Your objective -
Repeat every record exactly, but omit the images.

(The data Opens)

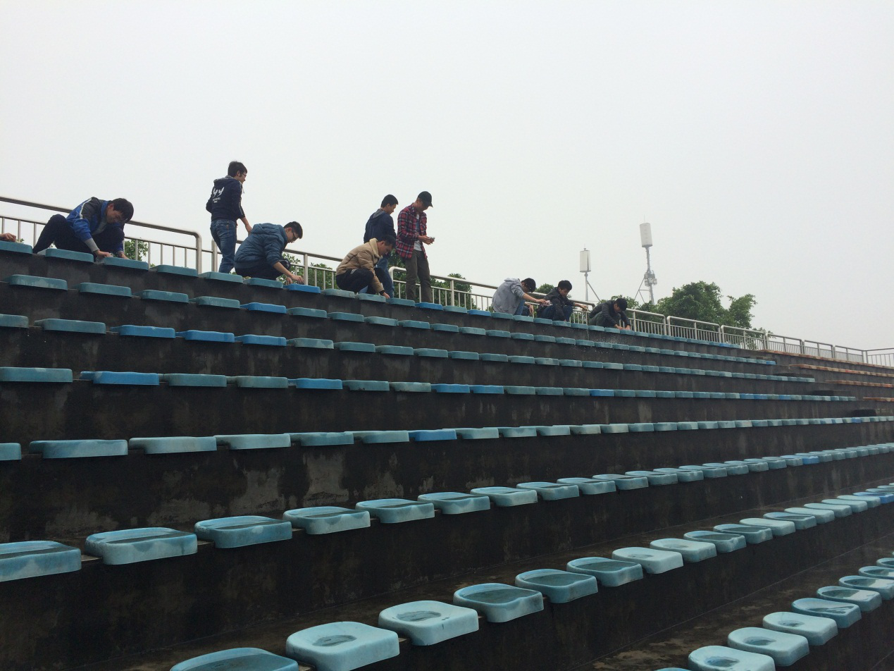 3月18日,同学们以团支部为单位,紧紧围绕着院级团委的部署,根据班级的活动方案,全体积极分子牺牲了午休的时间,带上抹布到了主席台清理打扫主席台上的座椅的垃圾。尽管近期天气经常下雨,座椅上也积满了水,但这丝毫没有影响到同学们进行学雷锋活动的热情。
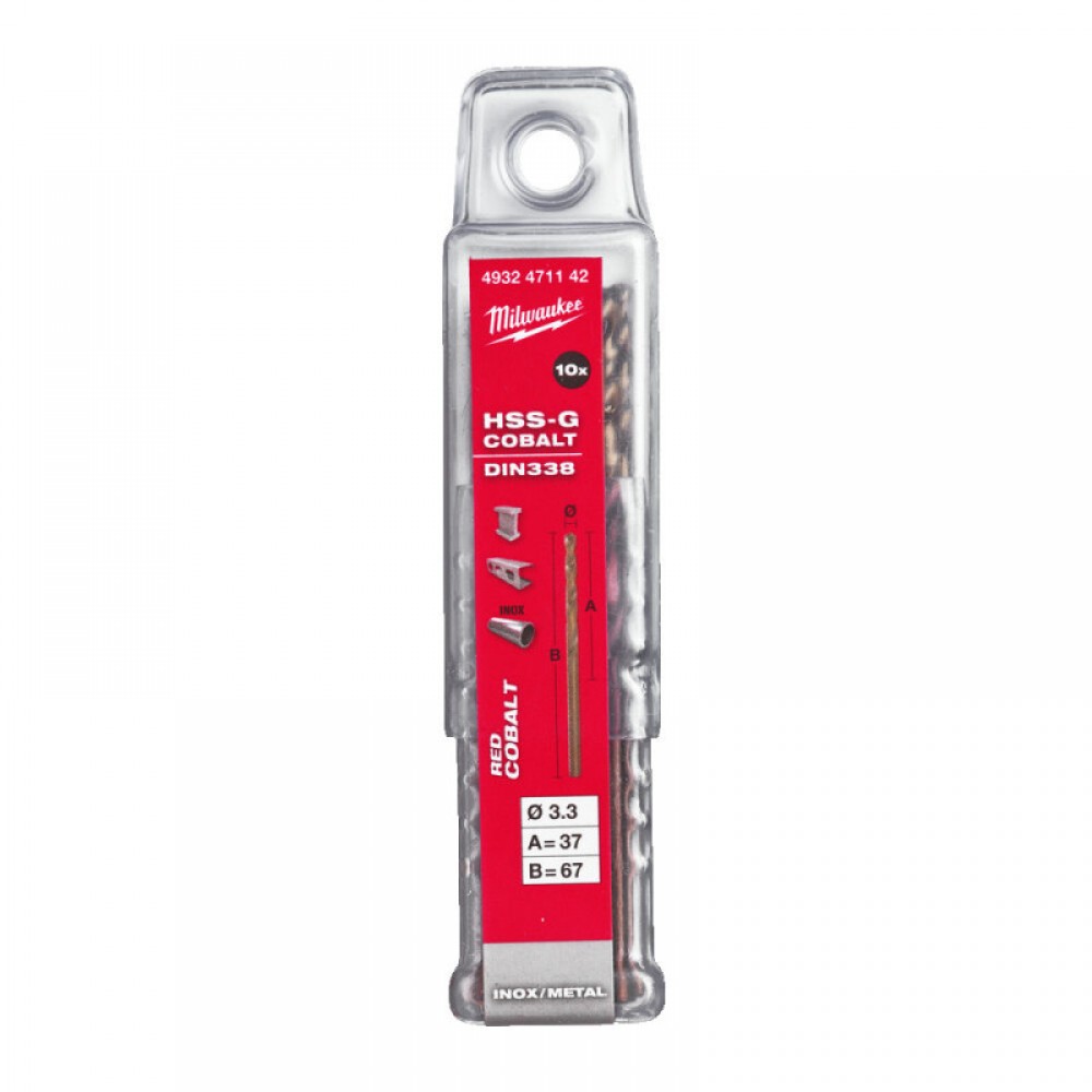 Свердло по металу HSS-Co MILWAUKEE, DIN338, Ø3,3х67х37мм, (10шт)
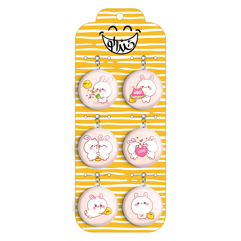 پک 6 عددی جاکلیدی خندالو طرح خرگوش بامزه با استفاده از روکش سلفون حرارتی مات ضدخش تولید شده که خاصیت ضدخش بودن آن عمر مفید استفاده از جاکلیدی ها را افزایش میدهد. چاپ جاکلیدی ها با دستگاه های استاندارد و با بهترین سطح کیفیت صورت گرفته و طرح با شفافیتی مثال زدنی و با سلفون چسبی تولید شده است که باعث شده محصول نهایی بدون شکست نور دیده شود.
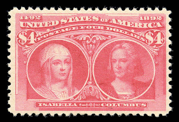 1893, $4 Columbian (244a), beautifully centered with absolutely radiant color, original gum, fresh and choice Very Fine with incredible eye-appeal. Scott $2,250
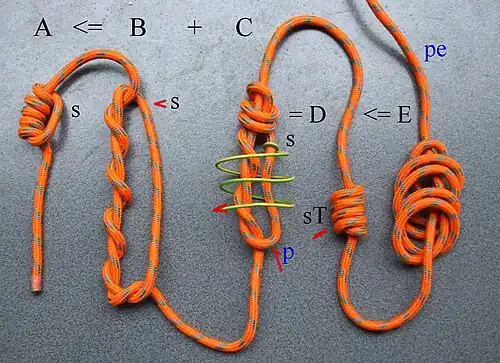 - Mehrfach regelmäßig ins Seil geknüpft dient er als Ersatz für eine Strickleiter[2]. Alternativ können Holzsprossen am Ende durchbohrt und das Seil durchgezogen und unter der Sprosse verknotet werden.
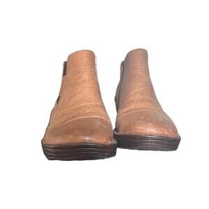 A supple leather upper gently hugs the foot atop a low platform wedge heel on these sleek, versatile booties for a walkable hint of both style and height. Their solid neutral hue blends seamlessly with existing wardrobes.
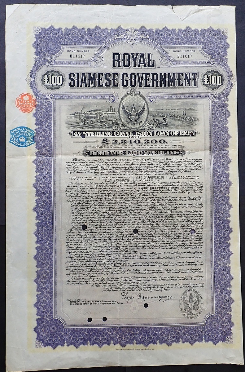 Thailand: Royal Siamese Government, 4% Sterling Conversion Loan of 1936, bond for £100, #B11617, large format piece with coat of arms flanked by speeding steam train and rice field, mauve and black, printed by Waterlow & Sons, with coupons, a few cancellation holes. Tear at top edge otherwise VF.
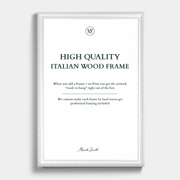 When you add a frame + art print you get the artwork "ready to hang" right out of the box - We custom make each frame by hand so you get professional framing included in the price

(The data Closes)

Task solution -
 3月18日,同学们以团支部为单位,紧紧围绕着院级团委的部署,根据班级的活动方案,全体积极分子牺牲了午休的时间,带上抹布到了主席台清理打扫主席台上的座椅的垃圾。尽管近期天气经常下雨,座椅上也积满了水,但这丝毫没有影响到同学们进行学雷锋活动的热情。
 Свердло по металу HSS-Co MILWAUKEE, DIN338, Ø3,3х67х37мм, (10шт)
 پک 6 عددی جاکلیدی خندالو طرح خرگوش بامزه با استفاده از روکش سلفون حرارتی مات ضدخش تولید شده که خاصیت ضدخش بودن آن عمر مفید استفاده از جاکلیدی ها را افزایش میدهد. چاپ جاکلیدی ها با دستگاه های استاندارد و با بهترین سطح کیفیت صورت گرفته و طرح با شفافیتی مثال زدنی و با سلفون چسبی تولید شده است که باعث شده محصول نهایی بدون شکست نور دیده شود.
 1893, $4 Columbian (244a), beautifully centered with absolutely radiant color, original gum, fresh and choice Very Fine with incredible eye-appeal. Scott $2,250
 - Mehrfach regelmäßig ins Seil geknüpft dient er als Ersatz für eine Strickleiter[2]. Alternativ können Holzsprossen am Ende durchbohrt und das Seil durchgezogen und unter der Sprosse verknotet werden.
 A supple leather upper gently hugs the foot atop a low platform wedge heel on these sleek, versatile booties for a walkable hint of both style and height. Their solid neutral hue blends seamlessly with existing wardrobes.
 Thailand: Royal Siamese Government, 4% Sterling Conversion Loan of 1936, bond for £100, #B11617, large format piece with coat of arms flanked by speeding steam train and rice field, mauve and black, printed by Waterlow & Sons, with coupons, a few cancellation holes. Tear at top edge otherwise VF.
 When you add a frame + art print you get the artwork "ready to hang" right out of the box - We custom make each frame by hand so you get professional framing included in the price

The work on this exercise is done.